“I want her to be my best friend.”

55a735ecea79d15565a3c1dde8e25ec0A student texted this sentence to her sorority sister about me while I was recently giving a sexual violence awareness talk at their university. Those words are, literally, one of the nicest things anyone has ever said about me. The young woman who received the text told me this particular friend who wanted to be my BFF “usually doesn’t come to things like that.”

“Things like that” are exactly the events we need all students to attend. One in five young women will be sexually assaulted during college and sorority members are “74% more likely to experience rape than other college women.” Silence and denial that “it won’t happen to me” put students that much more at risk.

I sometimes get nervous that people don’t want to hear what I have to say. My presentations are filled with graphic examples of sexual violence and discrimination. I talk about what is inherently wrong with our culture where men and boys are expected to put down and physically harm women and girls in order to feel like they belong among “real men.”

Such “male bonding” over degrading and hurting women is particularly endemic of fraternities and sports teams — the ultimate campus “alpha dog” clubs. I strongly disagree with some advocates calling for the closing of fraternities. Men are given so few places  where they can openly express emotional ties to other men. That said, we must change how men are allowed to bond in these organizations beyond humiliating other men through hazing and abusing women with rape and assault.

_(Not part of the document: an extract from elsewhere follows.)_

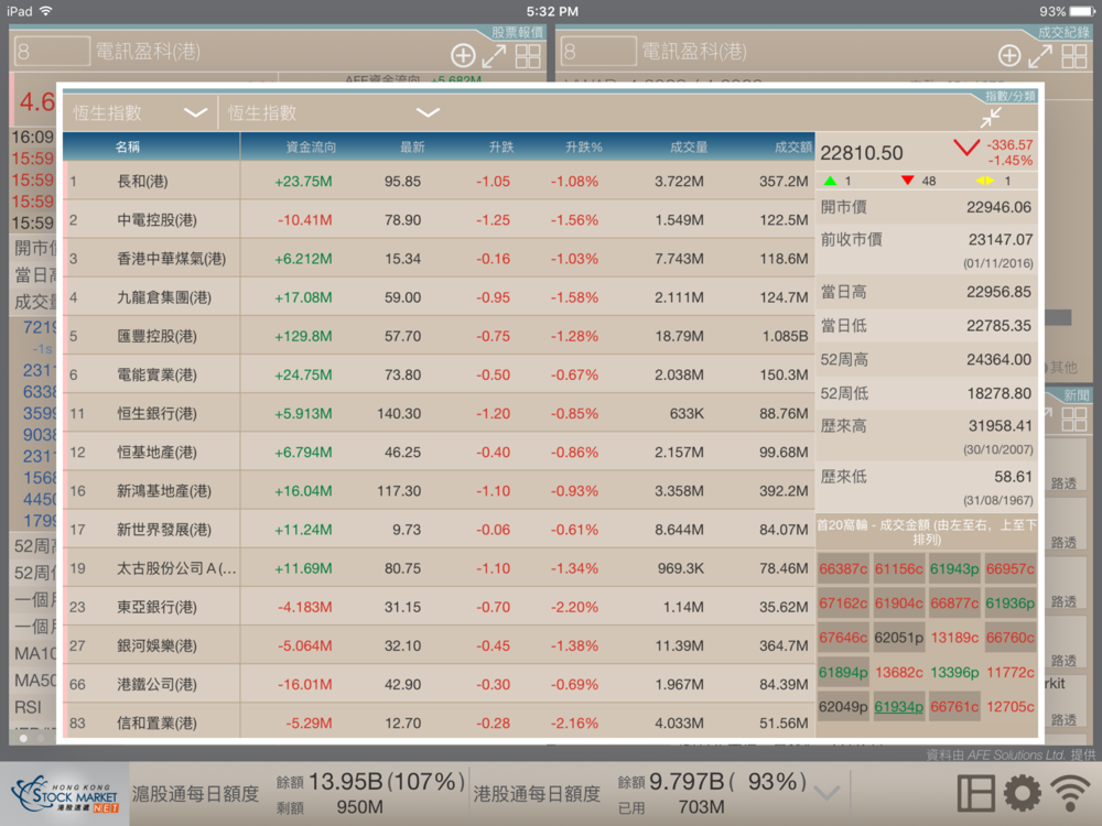 - Comprehensive self-monitoring system for about 90 Constituent Stocks of Hang Seng Index, China Enterprise Index & China-Aff Corp Index.

Still, I worry I alienate people as an “angry feminist” and “man hater” when I name patriarchy as the primary fuel of our dominance and control-based society. I fear people see me as pointing fingers instead of breaking the silence of sexual violence, which is my ultimate intention. I want my speaking out to give space and agency to others who may be scared to do the same.

Thankfully, my intention was fulfilled at this speaking engagement. I learned multiple people sought services for sexual assault and violence the day after the event and, even though I already have a BFF, I certainly made a lot of new friends.